The following picture therefore should summarise the outcome serverless is bringing to businesses.
The second principle that you need to have is to leverage commodities first. When a subject is deemed as a commodity, that subject has been commercialised widely so that it is very easy for it to be consumed by anyone. A commodity is those apples that you can purchase from grocery stores or a guitar that you can grab in any musical instrument stores. Electricity is one other good example of a commodity. As a daily consumer of electricity, many of us wouldn’t know how electricity is it being provided to us. The only interface you would be exposed to is just electrical sockets in your house, and many of us wouldn’t understand what’s happening behind the socket.
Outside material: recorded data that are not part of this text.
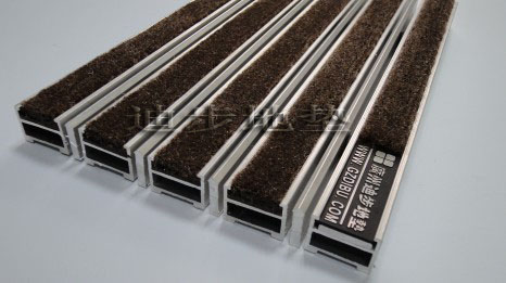 铝刮条:德国9005浓咖啡 铝刮条德国900系列技术参数 铝框架采用Alcoa高精度纯铝耐腐蚀防锈硬质铝合金,侧面高度达到20MM±1,铝合金壁厚为2MM±0.1,其承重力在标准滚动下可达2500kg-4000kg/㎡不变形,承受力强。面料采用90%丙纶BCF膨体丝 10%尼龙66单丝,底背:高防腐的UV丙纶长丝,密度:320/520毯基上绒高:7.5mm,阻燃测试等级:GB8624-1997,静电抑制类:GB/T18044-2000级标准,耐磨擦牢度:干、湿摩擦牢度4-5级,室内空气纯度:环保标准GB18587-2001,底部背胶:PP(T30S)聚丙烯颗粒,底部背胶厚度:1.5-1.8mm。面料色彩丰富,可根据客户需要灵活搭配。配件:锁扣为Sus304不锈钢锁扣,钢丝为特殊处理的防锈包塑钢丝。底部采用900系统制成两边支撑力大,更能够完美保持地垫的高度一致。地垫放置于高级石材或地砖坑槽内。避免了传统地毯与地面石材的摩擦,能延长石材面板保护膜的寿命同时有效保护地面石材的表面光滑度。 |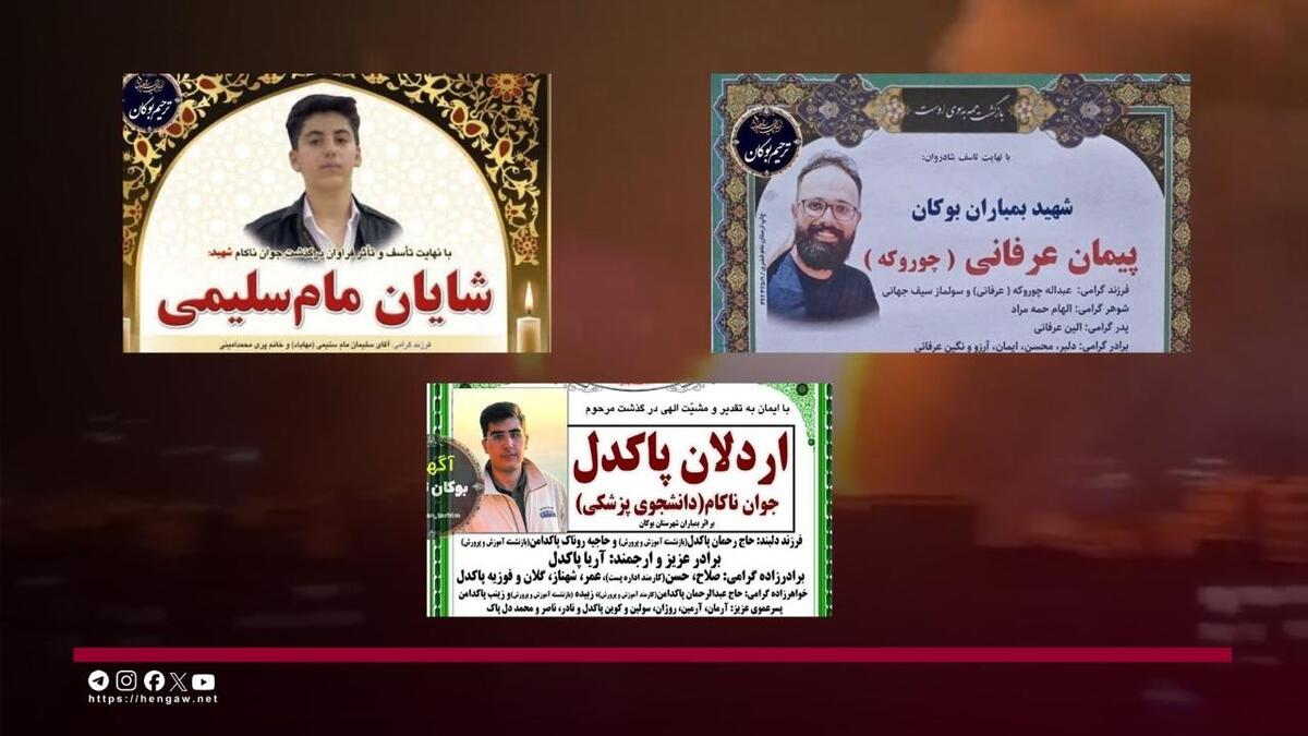 بر اساس گزارش رسیده به سازمان حقوق بشری ههنگاو، شامگاه چهارشنبه ۱۳ اسفند ۱۴۰۴، در جریان حملات جنگندههای اسرائیل و آمریکا به ساختمان فرمانداری بوکان، سە شهروند بە نامهای شایان مامسلیمی ۱۵کودک ساله، اردلان پاکدل ٢١ سالە و دانشجوی پزشکی، پیمان عرفانی ۳۰ ساله در این شهر کشتە شدند.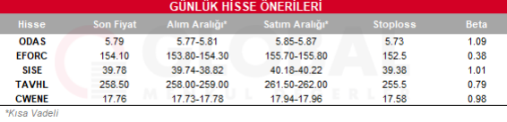 Bugün hareketli olmasını beklediğimiz hisseler: ODAS-EFORC-SISE-TAVHL-CWENE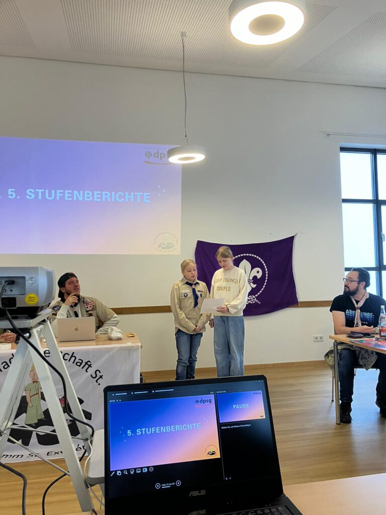 Aus jeder Stufe waren Delegierte da – also Vertreterinnen und Vertreter der Wölflinge, Jungpfadfinder, Pfadfinder und Rover. Sie haben erzählt, was sie dieses Jahr erlebt haben: coole Gruppenstunden, lustige Lager, neue Projekte und viele Abenteuer! 🌲🔥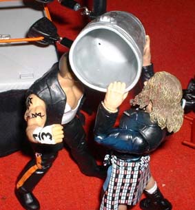 Raven keeps beating Tazz, cracking that hockey stick over his back.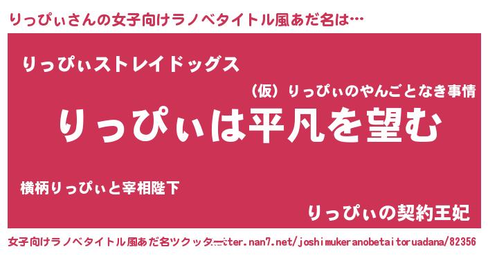 | 胡散臭い通販商品みたいなあだ名 | 『信頼と実績のサプリメント…その名も「りっぴぃ」』 |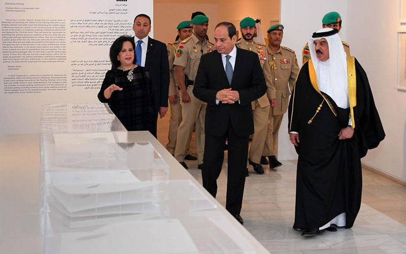 قام الملك حمد بن عيسى آل خليفة ملك البحرين والرئيس عبدالفتاح السيسي بزيارة إلى متحف البحرين الوطني، حيث كان في مقدمة مستقبليهما الشيخة مي بنت محمد آل خليفة رئيسة هيئة البحرين للثقافة والآثار وكبار المسؤولين بالهيئة.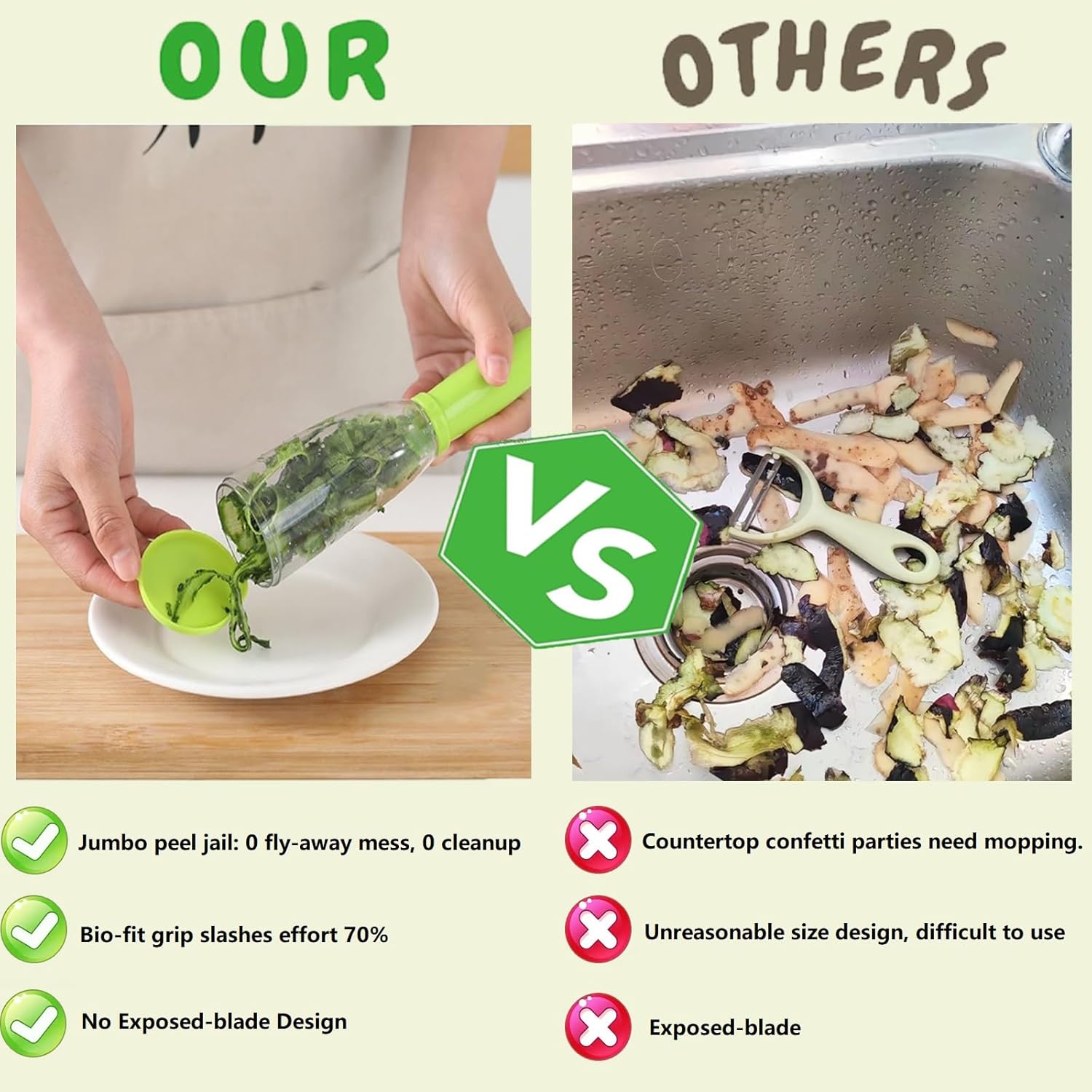 • 【NEW & UPGRADED Design】: Our vegetable peeler now feature a built-in scrap bin – finally stopping those flying peels in their tracks! No more chasing bits around the floor or losing precious minutes to cleanup-Save time,This is the must-have kitchen tool that makes prep work actually enjoyable.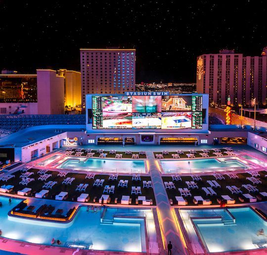 The pools at Stadium Swim were steadily filling up with sports fans, all trying to claim a place in the cooling water in front of the ginormous 40-foot-tall screen. It had only just turned 9am in Las Vegas, and Joe, Jonathan and I were already onto our second bucket of ice-cold beers and waters. Every now and then, the three of us would raise a can or just direct a nod at each other, acknowledging that there can’t be many better places on Earth to watch an England football match.

Serverless technology is a commodity. When you are adopting the serverless architecture, you wouldn’t need to know how things work behind the curtain. The significant operational aspect of your infrastructure is commoditised.
Imagine for a moment when you’re trying to buy a newly built house and you realize that the house requires its own electric generator. There are no portable electric generators that you can buy too. Essentially there are no commodities available in the market at all. What’s being provided to you, is a set of instructions on how you can build your own electric generator. You would also need to hire experts to build and maintain them if you don’t have the necessary skills. Now you’re having a completely new kind of problems, just because you need to find somewhere to live. Wouldn’t it be nice to have something that just works without your interference?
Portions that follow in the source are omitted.